CHUC-FM
- Cobourg, Ontario; Canada;
- Broadcast area: Northumberland County Peterborough County
- Frequency: 107.9 MHz
- Branding: Classic Rock 107.9

Programming
- Format: Classic rock

Ownership
- Owner: My Broadcasting Corporation
- Sister stations: CKSG-FM

History
- First air date: August 27, 1957
- Former frequencies: 1500 kHz (AM) (1957–1963); 1450 kHz (1963–2006);

Technical information
- Licensing authority: CRTC
- Class: B
- ERP: 6,300 watts (20,000 watts peak)
- HAAT: 215.5 metres (707 ft)

Links
- Webcast: Listen Live
- Website: classicrock1079.ca

= CHUC-FM =

Radio station in Cobourg, Ontario

CHUC-FM is a Canadian radio station broadcasting at 107.9 FM in Cobourg, Ontario, Canada. The station airs a classic rock format branded as Classic Rock 107.9. It is owned by My Broadcasting Corporation.

==History==
On August 27, 1957, the station first signed on the air. It originally broadcast at 1500 kHz on the AM band. In 1963, CHUC moved to 1450 kHz. CHUC had a middle of the road format of popular adult music, news and talk.

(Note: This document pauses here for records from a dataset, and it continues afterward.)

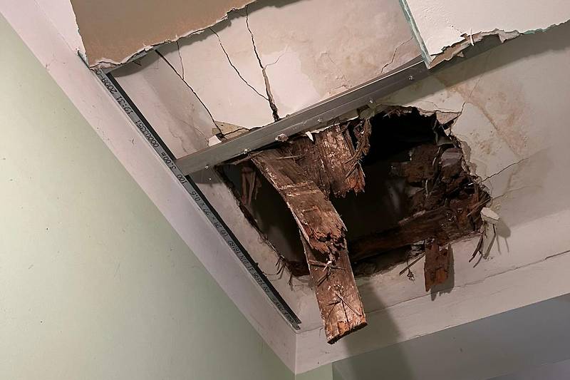 Die Einsatzkräfte brachten die beiden Familien, die in dem Haus wohnen, mit dem Mannschaftstransportwagen der Feuerwehr in ein Notquartier. "Die Decke ist genau im Eingangsbereich durchgebrochen, es war Gefahr im Verzug“, berichtet der Feuerwehrmann.
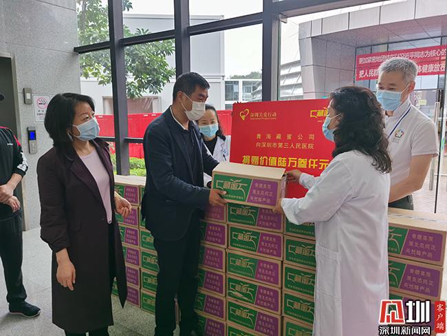 為了向這些最美的逆行者致敬,市關愛辦攜手愛心企業(yè)青海藏蜜公司與深圳市康輝旅行社,看望慰問一線的醫(yī)務工作人員。青海藏蜜公司向一線醫(yī)護人員捐贈1500盒青藏高原野花蜜,總價值6.3萬元。深圳藏蜜營銷管理有限公司總經(jīng)理王大鳴動情地說,抗擊疫情是一場沒有硝煙的戰(zhàn)役,牽系著所有人的心,因為醫(yī)護人員的日夜守護與付出,大家才能安心復工,照常生活。希望醫(yī)護人員能在勞累之余,泡上一杯蜂蜜水,增強抵抗力,緩解心里壓力,更好地續(xù)航戰(zhàn)斗。
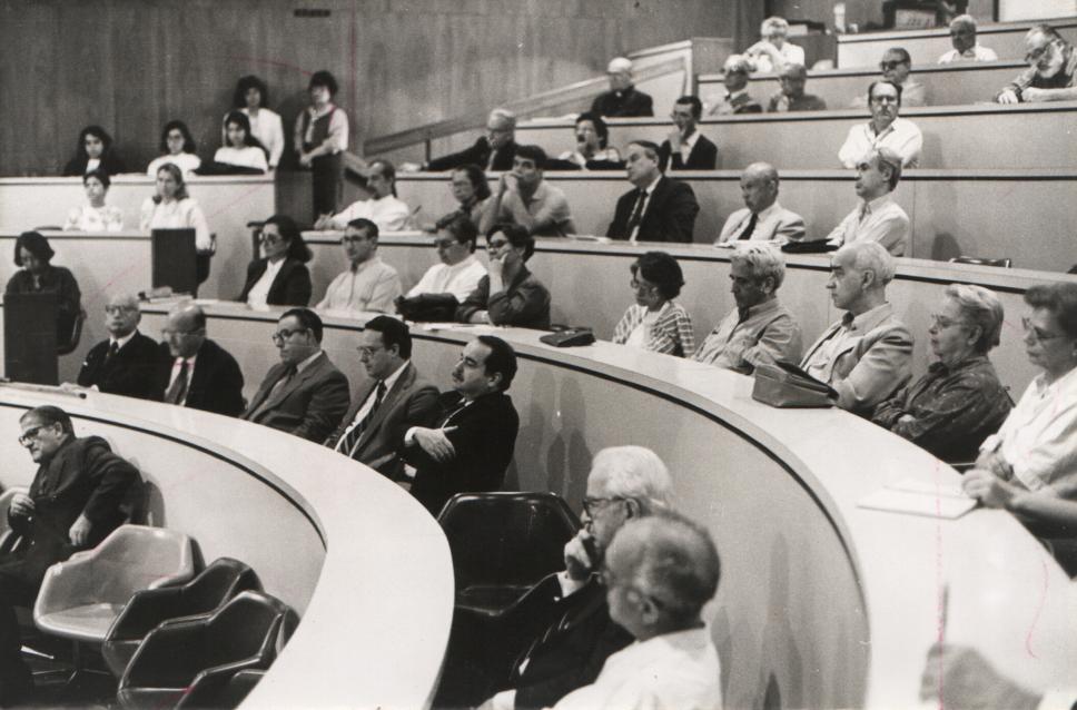 Professores e membros do Conselho de Desenvolvimento assistem apresentação do padre Peter-Hans Kolvenbach, prepósito geral da Companhia de Jesus, sobre a missão da universidade católica e sua relação com o mundo.
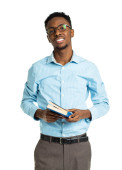 Szczęśliwy Afryki amerykański student stojący z laptopa i
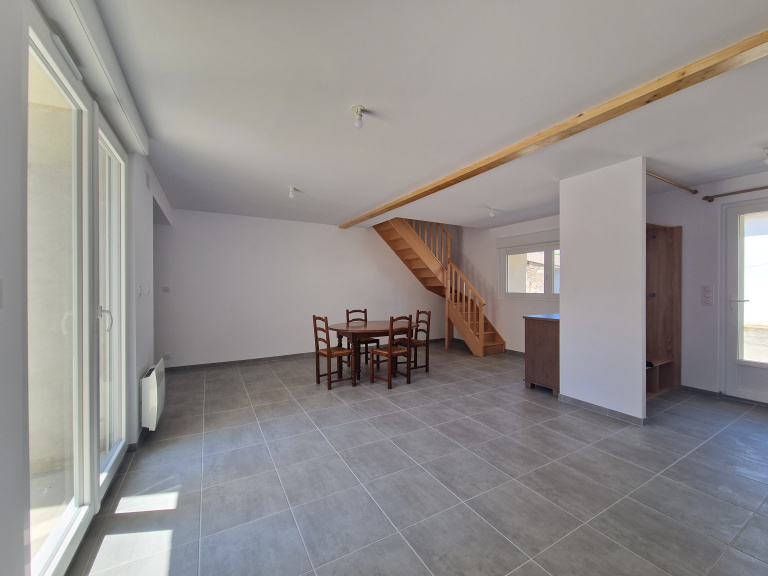 Volets roulants électriques, chauffage électrique, ramassage scolaire devant la maison. LIBRE LE 12/10/2023. La maison sera meublée d'une table avec des chaises, d'un meuble TV, 2 lits etc ...
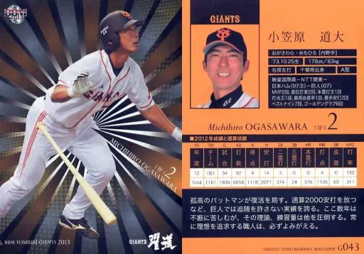 Nombre comercial en japonés: BBM/レギュラーカード/BBM2013 読売ジャイアンツ G043 [レギュラーカード] : 小笠原道大(キラパラレル版)
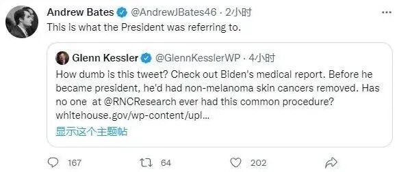好家伙,这通操作可给白宫吓够呛。白宫发言人安德鲁·贝茨(Andrew Bates)转发了《华盛顿邮报》专栏作家格伦·凯斯勒(Glenn Kessler)的推文并指出,拜登在上任前已经切除了“非黑色素瘤皮肤癌”。
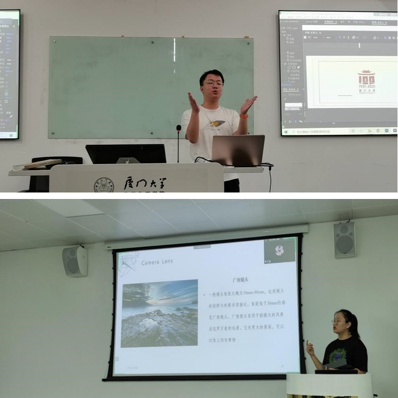 2018级本科生耿世辰与2019级本科生王蕊主讲摄影剪辑模块。其中有Premier教学、单反相机的使用等十分重要的实用技巧,形象生动的教学让同学们能轻松地理解Premier选择工具栏以及顶部工具栏的组成和功能,学会如何调整摄像机的模式与快门速度,掌握照相时的横平竖直拍摄原则、三分法、九宫格构图等等。
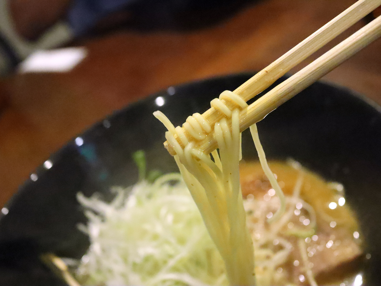 味噌ラーメンって、中太の縮れ麺って言う固定概念があったから、サプライズですね。
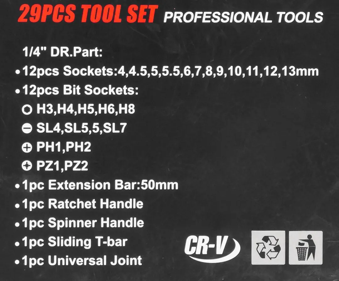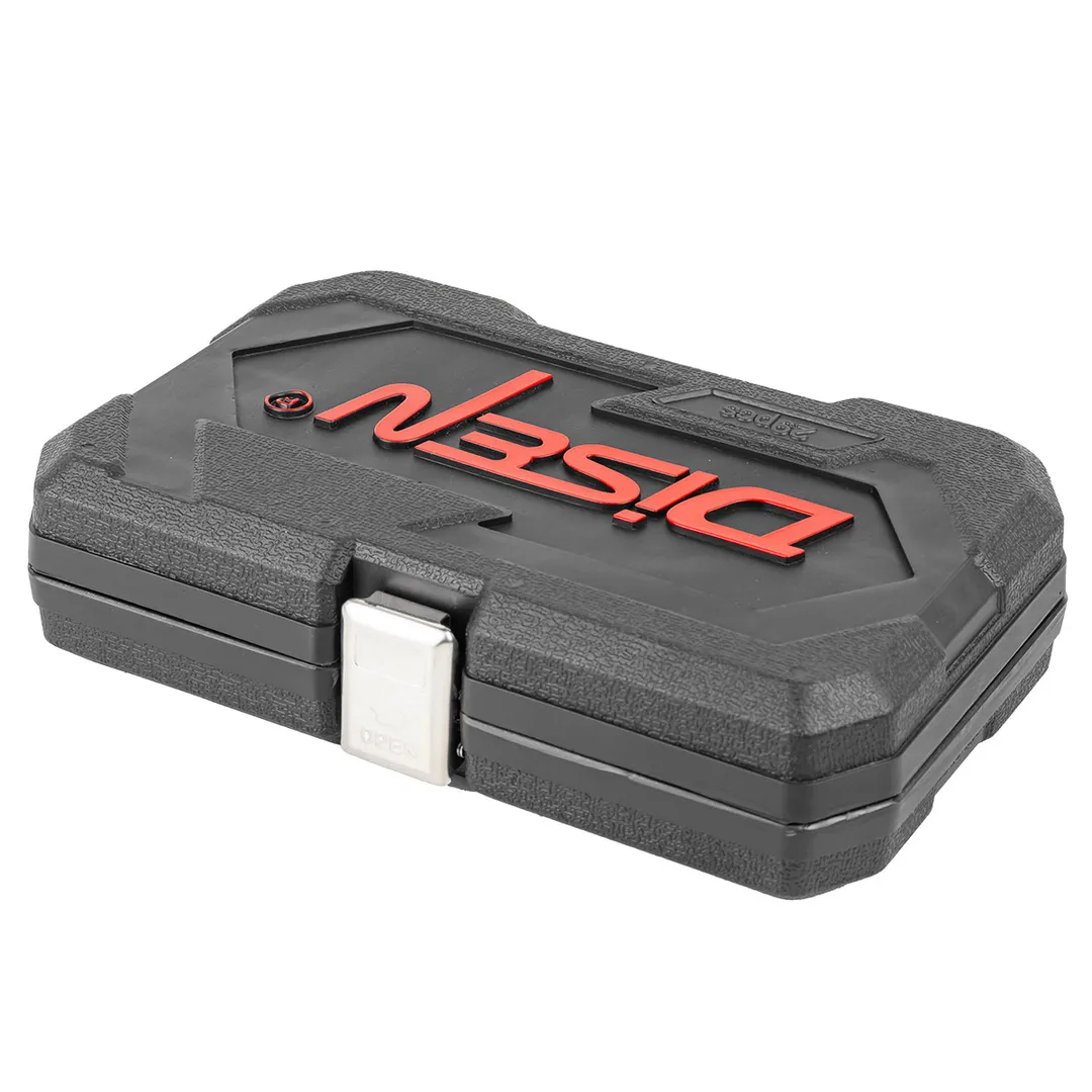 Универсальный набор инструментов Disen из 29 предметов в кейсе - применим для мелкого ремонта на СТО, в гараже, в дороге, на даче и дома в быту. Подойдет автолюбителям при мелком ремонте: заменить лампочку, открутить панель, снять аккумулятор, хомут и др. А дома собрать или разобрать мебель, установить сантехнику, отремонтировать садовую и бытовую технику и многое другое. Набор станет незаменимым помощником в любой работе. Посадочный квадрат 1/4" . Изготовлен из хром ванадия CR-V. Комплектация: трещотка, головки торцевые (4, 4.5, 5, 5.5, 6, 7, 8, 9, 10, 11, 12, 13 мм.), удлинитель 50 мм., рукоятка, кардан шарнирный, биты 12 шт. (SL, PH, PZ, Н), вороток Т-образный, кейс. Для удобства хранения и транспортировки поставляется в прочном пластиковом кейсе с металлической защелкой - отличный подарок мужу, брату, свату, коллеге! Набор станет незаменимым помощником в дороге!Преимущества работы с нами
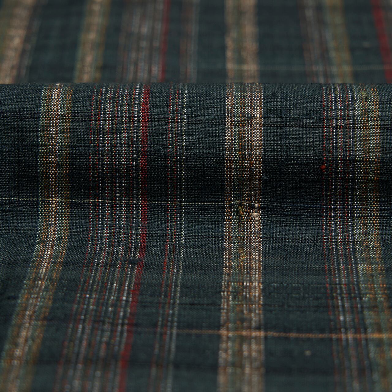 こちらは藍味のある緑・高麗納戸の地に、草木で染められた5色の糸がランダムに並べられ、絶妙な色のハーモニーを奏でているような、素敵な模様が構成されて織り出されています。
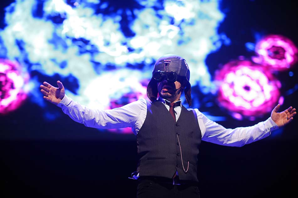 Si vous connaissez un peu l’artiste, vous savez déjà que le spectacle ne se limite pas à une succession de vannes plus ou moins bonnes. En effet, on a évidemment de l’émotion (mais bien moins que dans son précédent spectacle ou dans les dernières saisons de « Kaamelott »), mais il y a surtout de l’instructif. On y parle autant de théories scientifiques que d’événements marquants de l’histoire de l’ufologie et des sciences. On pourrait croire alors que ce spectacle est orienté pour un publique hautement intellectualisé, mais ce serait oublié la dimension humaine des œuvres d’Alexandre Astier. S’il y a une chose qu’il sait très bien faire, c’est de mettre l’humain au centre de son humour. On se retrouve alors, au même titre que ses personnages, tous au même niveau. Peu importent nos origines, nos affinités, nos « niveaux » sociaux ou nos métiers, nous sommes tous égaux face à l’humour de l’artiste. Le seul bémol, à mon humble avis, serait le running gag du système d’exploitation défectueux, qui ne fonctionne que moyennement. Pour le reste, on retrouve tout son génie habituel, tant dans la précision et la justesse que dans la drôlerie de ses anachronismes linguistiques.

In 2005, the Canadian Radio-Television and Telecommunications Commission approved an FM conversion for the station. It moved to its current frequency in 2006, airing an oldies/classic hits format. CHUC's branding after the move to FM was 107.9 The Breeze with the slogan "The Greatest Classic Hits of All Time."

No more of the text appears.